A Caixa Econômica Federal vai anunciar ainda em abril redução dos juros no crédito imobiliário que utiliza recursos da caderneta de poupança. Apesar do movimento mais tardio em relação aos pares privados, o banco da habitação não promete a taxa mais baixa do mercado, de acordo com o novo presidente da instituição, Nelson Antônio de Souza. Na semana passada, ele havia afirmado que existe um grande espaço para a expansão do crédito habitacional no País.
No passado, o banco capitaneou, ao lado do Banco do Brasil o processo de corte dos juros no País. "Não podemos botar banca se não tivermos condição", afirmou o executivo, em entrevista exclusiva ao Broadcast, a primeira desde que assumiu o comando do banco estatal, há exatamente uma semana.

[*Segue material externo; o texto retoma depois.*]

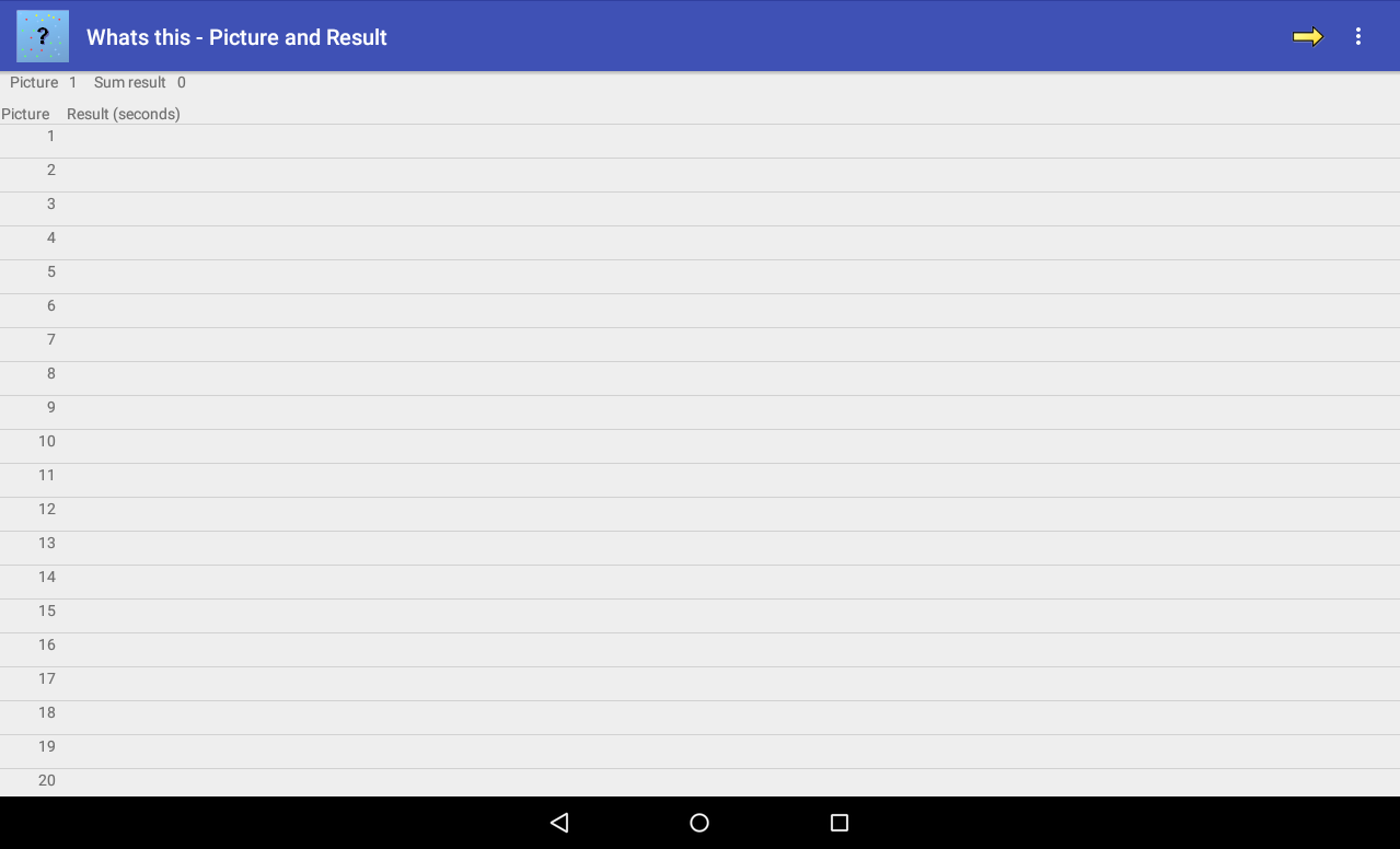 The picture and result list shows a list of numbers for each image to guess and the time it takes to guess if the image has already been guessed.
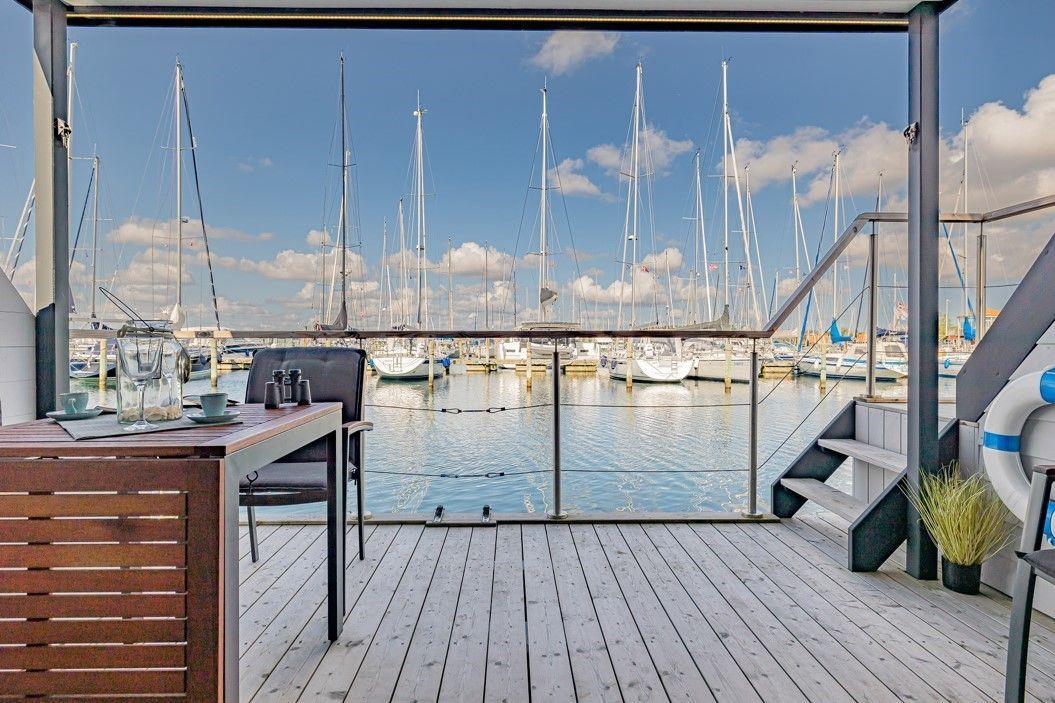 Maritimes Hausboot mit Ostseeblick an der Förde

A redução dos juros já estava em estudo pelo banco ainda na gestão de Gilberto Occhi, que foi deslocado da presidência da Caixa para assumir o Ministério da Saúde. No entanto, a recente mudança anunciada pelo Banco Central no depósito compulsório contribuiu, conforme o novo presidente do banco, para que a instituição tomasse tal decisão, aproximando-se, assim, dos seus pares privados que já cortaram os juros no crédito imobiliário no ano passado a reboque da queda da taxa básica, a Selic.
Apesar de sua gestão à frente da Caixa ter um tempo "exíguo", considerando as eleições presidenciais em outubro próximo, Souza reafirma que seu foco é o setor de habitação, da qual o banco é líder, e também atuar junto a segmentos que gerem mais emprego e renda, sem deixar de lado questões como capital e resultado financeiro.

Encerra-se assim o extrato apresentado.